If we changed it to cube, the only thing that would change is that we'd also have an average value per title for all months and years.

As you can see, these are powerful tools to add to your SQL repetoire - next week, we will provide three additional tips for making them work better.

Monday, March 28, 2005

Having fun with the Google APIs

A while back, I downloaded Google's APIs.
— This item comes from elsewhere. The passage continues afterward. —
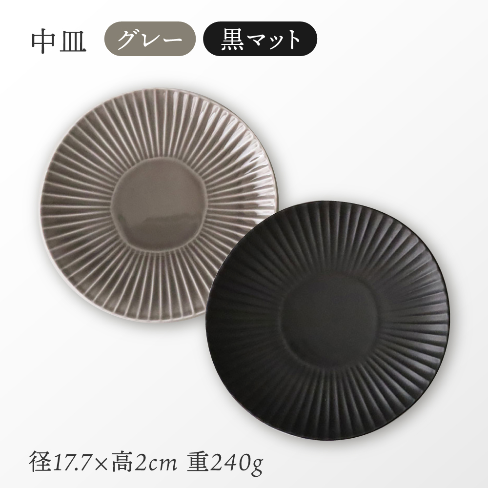 【波佐見焼】しのぎディナー プレート 大皿 小鉢 含む 10点セット(黒マット・グレー)【一龍陶苑】 [CC42]

Essentially they will provide access to their search database for those who want to try experimenting with their site and search tools.

Among the many ideas that I toyed with was the opportunity to find the rank of a specific site for a given keyword. In other words, let's say I sold Widgets - it would be pretty useful to find out on what page in Google's results my site is on when I search for the term Widgets.

So using the google apis, I managed to develop a tool that does just that. It simply iterates through the search results and tells you what number page your result shows up on.

Of course, the Google apis are limited to 1000 hits a day, which can get used up very fast. Instead, I am currently revamping this to search Google, Yahoo, MSN, and A9 without having to use the APIs. When I finish, I will be more than glad to post the code.

Another thing that I think will be useful - coming up with a unique enough term that will almost guarantee that your site will be found when looking for it. When I figure that one out, I will change my blog name, and then let you know :)


Yonah's SQL Tip of the Week #1 - Top and Sorting Views

I am sure that you've stumbled across the Top command. You might have seen it by looking at the SQL statement when browsing tables in Enterprise Manager. You may have seen it in the Syntax for SELECT. No matter what the Top command is a very useful command in more ways than one.

Essentially Top lives up to its name. The most Common syntax is:
SELECT TOP n * from table order by sales_count DESC

The query above will return the first n rows of the result set. This type of query can be useful in many situations. For example, when you are outputting the top ten selling products on your website. Notice that the ORDER BY clause is set. Order by essentially determines the order in which the rows are returned, and since we are filtering out the top 10, it also controls which records get displayed. Without Order By, Top would only return the first ten records in the result set.

Top also has another mode - percent. Instead of returning a fixed number of rows, percent returns the top n percent of a result set. This can be good if you want to find, say, the top ten percent of the most frequently sold items:

Select top 10 percent * from products, order by sales_count desc


The Percent mode will work with any percentage, up to an including 100 Percent. Why would you want to put top 100 percent in a query if not specifying top at all gives the same result? Well I could definitely think of one main reason for this - Creating a View with a Default Sort. In SQL, views cannot include an order by clause, unless the TOP keyword is specified. Obviously, this needs to be there in order to display the appropriate records. But let's say that you want to pre-sort an entire result set in a view without specifying ORDER BY in your query? Since you can't put an Order By clause into the without specifying TOP, simply put the following SQL into your view:

Create View myView as
Select TOP 100 percent from table, order by sales_count DESC

Now you have a view that is pre-sorted.

Yonah's SQL Tip of the Week - Introduction

So one of the new features I want for this blog is a weekly SQL tip. I have worked and chatted with hundreds of developers over the years, and while even the most junior of my colleagues have great experience with the basic SQL commands, very few have mastered even a handful of the less-commonly used functions and features.

I can't begin to tell you how many e-mails and message board posts I've seen where people have created intricate SQL statements where, had they known about some of these features, they could have used only one or two extra words in their query instead of lines.

That's why I am putting these solutions into a weekly tip.